Exactly the lines from the first line of the listing through the line containing "Über jeder abgehängten" should appear in the output, unchanged.

+===+

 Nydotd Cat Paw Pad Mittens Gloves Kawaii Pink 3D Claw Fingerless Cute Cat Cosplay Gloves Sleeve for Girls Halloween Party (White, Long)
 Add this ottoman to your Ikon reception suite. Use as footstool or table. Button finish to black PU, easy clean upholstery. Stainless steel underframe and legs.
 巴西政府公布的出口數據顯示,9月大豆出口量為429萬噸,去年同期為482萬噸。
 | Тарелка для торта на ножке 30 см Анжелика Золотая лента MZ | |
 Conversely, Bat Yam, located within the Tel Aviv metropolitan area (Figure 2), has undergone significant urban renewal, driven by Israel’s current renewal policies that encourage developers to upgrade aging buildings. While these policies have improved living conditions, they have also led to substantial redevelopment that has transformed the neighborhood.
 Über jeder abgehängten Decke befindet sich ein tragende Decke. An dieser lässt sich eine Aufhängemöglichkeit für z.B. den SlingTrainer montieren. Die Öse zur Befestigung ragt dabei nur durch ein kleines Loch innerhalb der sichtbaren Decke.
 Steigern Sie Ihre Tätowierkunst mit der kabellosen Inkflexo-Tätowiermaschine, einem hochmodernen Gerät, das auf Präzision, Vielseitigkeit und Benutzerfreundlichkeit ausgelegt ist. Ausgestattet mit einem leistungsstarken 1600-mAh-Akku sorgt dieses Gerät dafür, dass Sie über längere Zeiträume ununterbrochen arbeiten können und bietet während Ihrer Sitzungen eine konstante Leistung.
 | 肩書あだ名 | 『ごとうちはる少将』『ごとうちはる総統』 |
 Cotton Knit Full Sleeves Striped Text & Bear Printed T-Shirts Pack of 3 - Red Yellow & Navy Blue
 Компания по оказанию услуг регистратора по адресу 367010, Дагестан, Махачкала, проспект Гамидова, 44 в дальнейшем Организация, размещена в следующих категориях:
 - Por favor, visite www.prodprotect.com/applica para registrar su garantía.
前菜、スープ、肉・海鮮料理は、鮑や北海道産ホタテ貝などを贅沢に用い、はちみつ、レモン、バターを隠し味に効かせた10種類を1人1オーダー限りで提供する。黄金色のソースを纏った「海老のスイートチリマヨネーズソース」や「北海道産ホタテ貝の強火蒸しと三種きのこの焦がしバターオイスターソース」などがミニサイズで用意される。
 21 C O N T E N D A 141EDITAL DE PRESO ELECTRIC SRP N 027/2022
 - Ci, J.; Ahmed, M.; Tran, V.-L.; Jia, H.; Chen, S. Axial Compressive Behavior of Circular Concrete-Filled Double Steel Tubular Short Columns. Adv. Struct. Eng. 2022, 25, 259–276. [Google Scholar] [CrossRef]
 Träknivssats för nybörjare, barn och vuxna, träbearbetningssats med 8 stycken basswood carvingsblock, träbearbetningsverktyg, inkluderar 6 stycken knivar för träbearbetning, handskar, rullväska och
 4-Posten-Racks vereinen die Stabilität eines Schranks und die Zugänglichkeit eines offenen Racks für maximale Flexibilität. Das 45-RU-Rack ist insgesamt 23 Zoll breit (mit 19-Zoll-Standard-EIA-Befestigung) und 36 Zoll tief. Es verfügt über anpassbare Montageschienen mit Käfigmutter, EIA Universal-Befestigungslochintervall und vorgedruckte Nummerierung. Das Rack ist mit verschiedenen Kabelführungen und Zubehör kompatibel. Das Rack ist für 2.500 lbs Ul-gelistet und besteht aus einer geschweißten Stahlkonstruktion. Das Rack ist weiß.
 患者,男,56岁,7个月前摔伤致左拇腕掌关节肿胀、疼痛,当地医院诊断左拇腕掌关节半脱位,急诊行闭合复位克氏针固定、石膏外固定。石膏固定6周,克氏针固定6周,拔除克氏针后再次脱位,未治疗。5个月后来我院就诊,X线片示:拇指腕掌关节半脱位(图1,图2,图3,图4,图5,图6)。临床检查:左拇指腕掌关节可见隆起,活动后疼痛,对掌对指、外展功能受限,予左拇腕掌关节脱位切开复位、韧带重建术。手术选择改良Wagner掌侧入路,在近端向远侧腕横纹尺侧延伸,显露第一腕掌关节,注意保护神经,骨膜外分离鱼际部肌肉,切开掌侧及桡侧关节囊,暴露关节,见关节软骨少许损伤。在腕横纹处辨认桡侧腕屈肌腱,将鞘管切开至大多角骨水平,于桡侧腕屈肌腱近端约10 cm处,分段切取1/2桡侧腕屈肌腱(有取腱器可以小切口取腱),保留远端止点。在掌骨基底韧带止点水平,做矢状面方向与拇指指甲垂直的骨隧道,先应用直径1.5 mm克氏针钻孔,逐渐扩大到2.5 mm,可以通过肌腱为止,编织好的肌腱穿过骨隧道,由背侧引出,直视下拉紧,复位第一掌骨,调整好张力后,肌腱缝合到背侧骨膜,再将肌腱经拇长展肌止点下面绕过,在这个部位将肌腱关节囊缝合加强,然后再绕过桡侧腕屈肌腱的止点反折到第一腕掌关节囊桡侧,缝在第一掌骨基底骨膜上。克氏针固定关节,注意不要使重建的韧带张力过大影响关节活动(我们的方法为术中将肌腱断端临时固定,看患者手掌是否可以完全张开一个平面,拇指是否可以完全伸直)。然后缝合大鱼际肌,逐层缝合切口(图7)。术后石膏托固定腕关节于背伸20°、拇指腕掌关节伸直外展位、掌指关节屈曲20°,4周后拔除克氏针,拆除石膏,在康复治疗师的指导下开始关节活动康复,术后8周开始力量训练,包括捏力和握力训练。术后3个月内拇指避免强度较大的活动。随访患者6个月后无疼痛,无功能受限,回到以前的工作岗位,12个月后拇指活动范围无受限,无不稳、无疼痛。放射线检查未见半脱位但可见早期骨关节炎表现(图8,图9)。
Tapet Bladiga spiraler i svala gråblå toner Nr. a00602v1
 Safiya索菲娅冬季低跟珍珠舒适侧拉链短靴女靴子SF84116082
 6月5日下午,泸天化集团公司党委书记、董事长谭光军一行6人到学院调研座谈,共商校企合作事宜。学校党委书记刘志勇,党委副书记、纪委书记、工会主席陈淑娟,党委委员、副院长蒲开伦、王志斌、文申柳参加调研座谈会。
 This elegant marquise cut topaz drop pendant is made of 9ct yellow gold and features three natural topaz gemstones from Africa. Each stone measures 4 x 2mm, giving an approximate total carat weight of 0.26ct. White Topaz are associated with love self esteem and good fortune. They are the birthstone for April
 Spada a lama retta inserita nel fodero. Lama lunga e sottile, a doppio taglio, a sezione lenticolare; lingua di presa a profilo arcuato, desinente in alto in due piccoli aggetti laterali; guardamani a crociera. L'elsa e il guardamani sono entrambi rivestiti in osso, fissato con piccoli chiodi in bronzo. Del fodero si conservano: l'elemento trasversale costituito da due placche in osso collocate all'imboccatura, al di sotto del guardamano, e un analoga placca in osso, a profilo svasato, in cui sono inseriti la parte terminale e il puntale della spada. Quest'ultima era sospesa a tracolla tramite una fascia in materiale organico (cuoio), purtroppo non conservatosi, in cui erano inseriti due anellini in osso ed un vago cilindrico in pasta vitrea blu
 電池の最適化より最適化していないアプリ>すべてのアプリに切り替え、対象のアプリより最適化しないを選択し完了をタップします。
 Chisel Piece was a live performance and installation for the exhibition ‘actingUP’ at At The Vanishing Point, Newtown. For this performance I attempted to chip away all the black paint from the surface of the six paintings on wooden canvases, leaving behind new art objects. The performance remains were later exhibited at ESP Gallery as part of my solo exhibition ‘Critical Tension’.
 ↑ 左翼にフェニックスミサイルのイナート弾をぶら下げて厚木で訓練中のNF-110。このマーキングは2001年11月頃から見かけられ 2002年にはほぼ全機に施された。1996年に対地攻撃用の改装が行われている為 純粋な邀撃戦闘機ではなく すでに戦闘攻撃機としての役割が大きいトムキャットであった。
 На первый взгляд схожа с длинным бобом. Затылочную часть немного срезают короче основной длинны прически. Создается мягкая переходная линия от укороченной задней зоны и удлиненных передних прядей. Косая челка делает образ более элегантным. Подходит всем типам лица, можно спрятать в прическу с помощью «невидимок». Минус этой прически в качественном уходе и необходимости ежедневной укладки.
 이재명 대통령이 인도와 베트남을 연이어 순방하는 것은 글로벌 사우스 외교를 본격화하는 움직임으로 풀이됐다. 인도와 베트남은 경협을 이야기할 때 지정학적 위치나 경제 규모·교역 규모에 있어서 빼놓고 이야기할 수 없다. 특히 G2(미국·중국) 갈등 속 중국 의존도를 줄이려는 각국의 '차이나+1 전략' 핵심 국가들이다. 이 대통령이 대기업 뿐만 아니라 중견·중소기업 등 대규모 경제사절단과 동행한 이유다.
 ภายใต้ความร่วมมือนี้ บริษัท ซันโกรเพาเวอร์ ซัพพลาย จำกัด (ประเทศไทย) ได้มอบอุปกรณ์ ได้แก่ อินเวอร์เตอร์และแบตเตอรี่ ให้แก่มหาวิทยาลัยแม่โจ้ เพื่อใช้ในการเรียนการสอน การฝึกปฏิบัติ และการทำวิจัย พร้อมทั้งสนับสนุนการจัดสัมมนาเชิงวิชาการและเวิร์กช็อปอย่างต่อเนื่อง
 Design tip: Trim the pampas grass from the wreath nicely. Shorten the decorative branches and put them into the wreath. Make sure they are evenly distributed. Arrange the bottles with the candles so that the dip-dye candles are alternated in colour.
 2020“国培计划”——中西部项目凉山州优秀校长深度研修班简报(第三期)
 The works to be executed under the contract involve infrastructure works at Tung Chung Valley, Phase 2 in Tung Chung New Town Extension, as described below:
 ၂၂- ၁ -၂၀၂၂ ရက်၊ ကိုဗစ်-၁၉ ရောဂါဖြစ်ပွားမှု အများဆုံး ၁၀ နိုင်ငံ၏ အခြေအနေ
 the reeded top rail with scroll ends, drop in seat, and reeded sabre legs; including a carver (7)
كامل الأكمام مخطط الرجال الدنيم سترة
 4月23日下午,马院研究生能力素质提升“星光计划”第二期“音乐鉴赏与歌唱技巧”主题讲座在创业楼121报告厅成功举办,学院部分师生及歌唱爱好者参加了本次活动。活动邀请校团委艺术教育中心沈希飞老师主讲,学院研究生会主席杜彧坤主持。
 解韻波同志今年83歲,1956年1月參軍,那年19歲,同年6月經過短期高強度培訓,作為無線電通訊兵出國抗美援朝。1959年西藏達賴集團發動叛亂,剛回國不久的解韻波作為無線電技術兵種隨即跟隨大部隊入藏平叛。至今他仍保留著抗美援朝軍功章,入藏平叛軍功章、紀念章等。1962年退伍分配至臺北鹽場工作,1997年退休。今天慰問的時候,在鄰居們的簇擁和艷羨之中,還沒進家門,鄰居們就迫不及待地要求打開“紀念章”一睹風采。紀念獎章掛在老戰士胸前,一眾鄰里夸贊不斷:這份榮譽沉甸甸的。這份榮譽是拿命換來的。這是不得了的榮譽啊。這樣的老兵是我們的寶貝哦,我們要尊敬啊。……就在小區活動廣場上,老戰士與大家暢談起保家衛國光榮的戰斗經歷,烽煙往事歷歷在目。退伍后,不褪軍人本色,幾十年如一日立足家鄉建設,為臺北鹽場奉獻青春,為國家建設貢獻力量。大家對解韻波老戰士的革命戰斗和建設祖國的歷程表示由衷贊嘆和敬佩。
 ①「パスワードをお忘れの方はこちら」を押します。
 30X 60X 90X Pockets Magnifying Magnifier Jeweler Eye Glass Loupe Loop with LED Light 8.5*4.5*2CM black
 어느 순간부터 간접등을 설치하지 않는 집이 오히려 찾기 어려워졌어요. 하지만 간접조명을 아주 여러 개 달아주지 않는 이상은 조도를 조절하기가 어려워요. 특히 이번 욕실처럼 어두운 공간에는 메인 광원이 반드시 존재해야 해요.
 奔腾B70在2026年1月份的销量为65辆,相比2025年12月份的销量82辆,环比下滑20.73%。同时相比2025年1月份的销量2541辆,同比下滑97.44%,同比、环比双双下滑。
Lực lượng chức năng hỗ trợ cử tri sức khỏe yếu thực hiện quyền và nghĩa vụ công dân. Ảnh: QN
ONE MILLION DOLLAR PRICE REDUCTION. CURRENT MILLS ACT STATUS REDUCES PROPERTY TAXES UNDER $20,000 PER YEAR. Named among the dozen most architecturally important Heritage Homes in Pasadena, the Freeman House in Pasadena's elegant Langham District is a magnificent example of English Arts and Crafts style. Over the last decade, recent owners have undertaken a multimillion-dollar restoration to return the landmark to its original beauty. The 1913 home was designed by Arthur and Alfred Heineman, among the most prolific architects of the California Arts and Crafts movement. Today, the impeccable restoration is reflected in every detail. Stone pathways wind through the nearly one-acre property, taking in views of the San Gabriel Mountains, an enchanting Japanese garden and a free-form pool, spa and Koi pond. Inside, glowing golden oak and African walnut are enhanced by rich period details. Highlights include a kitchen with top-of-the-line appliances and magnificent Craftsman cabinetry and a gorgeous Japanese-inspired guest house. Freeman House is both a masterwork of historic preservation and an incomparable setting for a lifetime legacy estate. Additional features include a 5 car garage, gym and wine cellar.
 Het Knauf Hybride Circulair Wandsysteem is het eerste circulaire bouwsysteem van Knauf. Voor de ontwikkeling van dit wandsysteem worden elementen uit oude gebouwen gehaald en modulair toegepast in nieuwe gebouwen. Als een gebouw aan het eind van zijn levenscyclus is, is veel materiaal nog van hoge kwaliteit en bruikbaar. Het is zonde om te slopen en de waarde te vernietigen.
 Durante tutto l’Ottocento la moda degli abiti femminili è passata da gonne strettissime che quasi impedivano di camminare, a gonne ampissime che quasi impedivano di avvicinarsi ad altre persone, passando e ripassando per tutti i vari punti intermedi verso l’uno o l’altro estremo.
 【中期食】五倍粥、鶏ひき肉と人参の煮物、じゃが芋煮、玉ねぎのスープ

+===+

ANSWER BOX:
 Nydotd Cat Paw Pad Mittens Gloves Kawaii Pink 3D Claw Fingerless Cute Cat Cosplay Gloves Sleeve for Girls Halloween Party (White, Long)
 Add this ottoman to your Ikon reception suite. Use as footstool or table. Button finish to black PU, easy clean upholstery. Stainless steel underframe and legs.
 巴西政府公布的出口數據顯示,9月大豆出口量為429萬噸,去年同期為482萬噸。
 | Тарелка для торта на ножке 30 см Анжелика Золотая лента MZ | |
 Conversely, Bat Yam, located within the Tel Aviv metropolitan area (Figure 2), has undergone significant urban renewal, driven by Israel’s current renewal policies that encourage developers to upgrade aging buildings. While these policies have improved living conditions, they have also led to substantial redevelopment that has transformed the neighborhood.
 Über jeder abgehängten Decke befindet sich ein tragende Decke. An dieser lässt sich eine Aufhängemöglichkeit für z.B. den SlingTrainer montieren. Die Öse zur Befestigung ragt dabei nur durch ein kleines Loch innerhalb der sichtbaren Decke.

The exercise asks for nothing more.